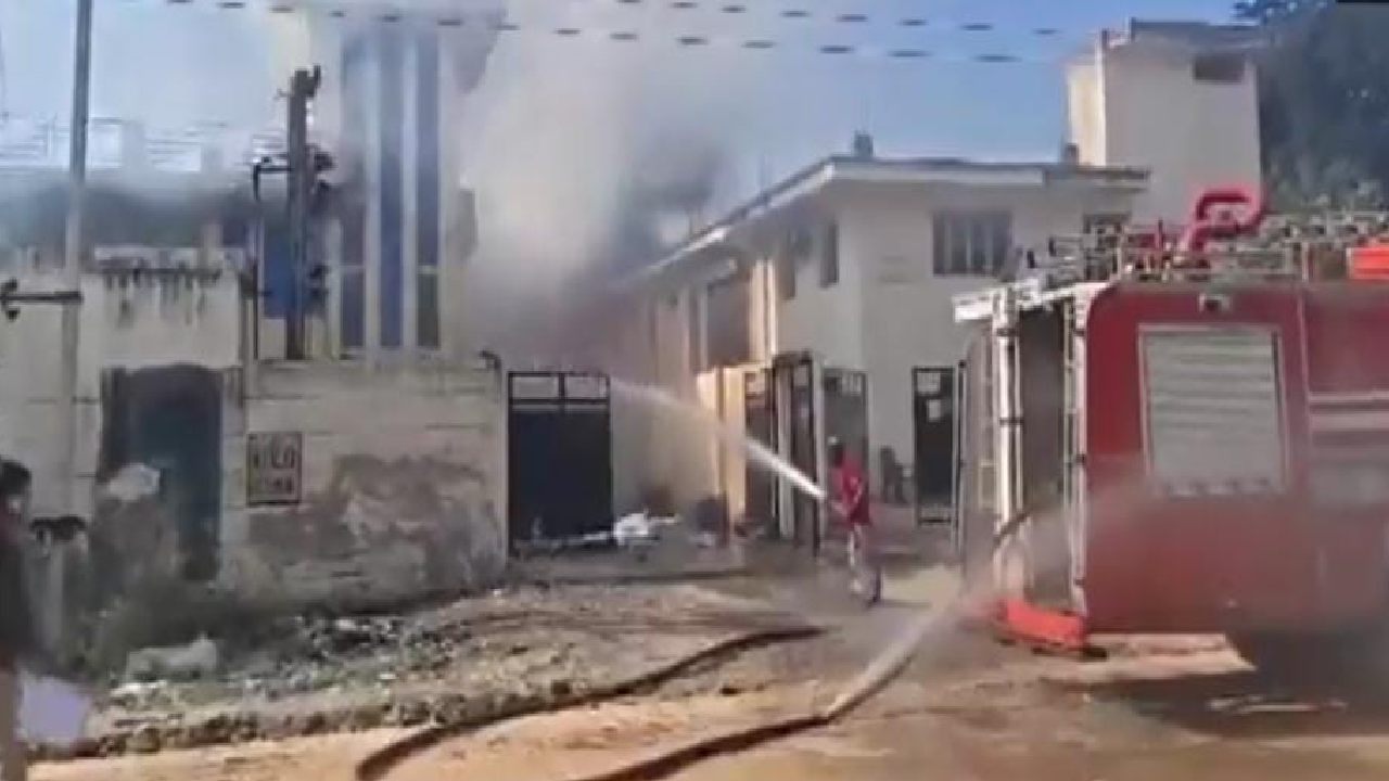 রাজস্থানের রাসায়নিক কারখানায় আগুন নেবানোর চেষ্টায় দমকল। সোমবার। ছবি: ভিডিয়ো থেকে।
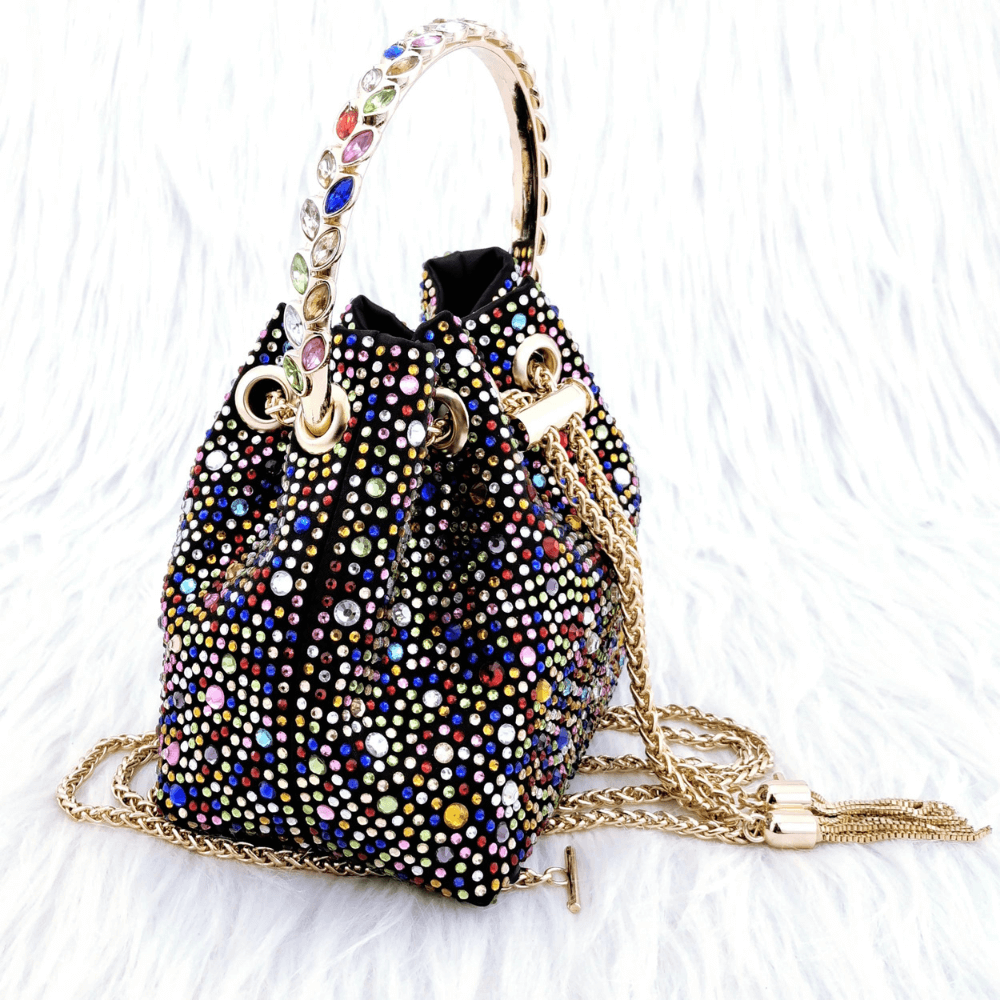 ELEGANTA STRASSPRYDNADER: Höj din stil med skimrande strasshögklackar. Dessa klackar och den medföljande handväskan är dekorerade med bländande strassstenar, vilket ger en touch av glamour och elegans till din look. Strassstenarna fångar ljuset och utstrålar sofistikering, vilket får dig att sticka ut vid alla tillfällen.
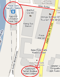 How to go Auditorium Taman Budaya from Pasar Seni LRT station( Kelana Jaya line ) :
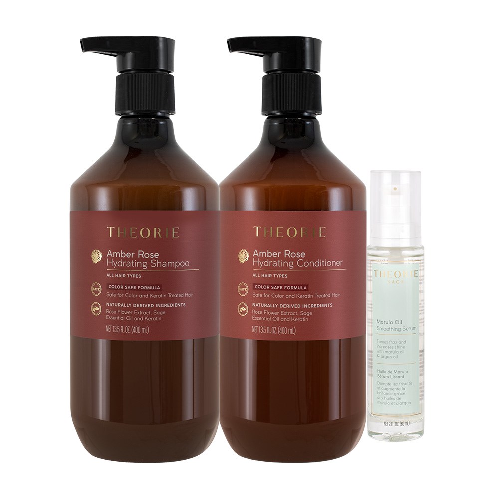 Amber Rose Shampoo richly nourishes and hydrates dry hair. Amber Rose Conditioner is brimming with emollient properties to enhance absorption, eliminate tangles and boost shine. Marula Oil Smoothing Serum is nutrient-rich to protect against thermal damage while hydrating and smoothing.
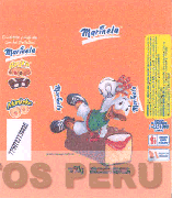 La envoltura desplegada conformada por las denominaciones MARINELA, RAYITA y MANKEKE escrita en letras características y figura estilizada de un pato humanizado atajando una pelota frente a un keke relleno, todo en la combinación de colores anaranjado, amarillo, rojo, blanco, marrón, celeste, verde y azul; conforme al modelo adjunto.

══════════

Retype word for word the span of lines above that begins with the line containing "ELEGANTA STRASSPRYDNADER: Höj" and ends with the last line of the records; skip all pictures.

 ELEGANTA STRASSPRYDNADER: Höj din stil med skimrande strasshögklackar. Dessa klackar och den medföljande handväskan är dekorerade med bländande strassstenar, vilket ger en touch av glamour och elegans till din look. Strassstenarna fångar ljuset och utstrålar sofistikering, vilket får dig att sticka ut vid alla tillfällen.
 How to go Auditorium Taman Budaya from Pasar Seni LRT station( Kelana Jaya line ) :
 Amber Rose Shampoo richly nourishes and hydrates dry hair. Amber Rose Conditioner is brimming with emollient properties to enhance absorption, eliminate tangles and boost shine. Marula Oil Smoothing Serum is nutrient-rich to protect against thermal damage while hydrating and smoothing.
 La envoltura desplegada conformada por las denominaciones MARINELA, RAYITA y MANKEKE escrita en letras características y figura estilizada de un pato humanizado atajando una pelota frente a un keke relleno, todo en la combinación de colores anaranjado, amarillo, rojo, blanco, marrón, celeste, verde y azul; conforme al modelo adjunto.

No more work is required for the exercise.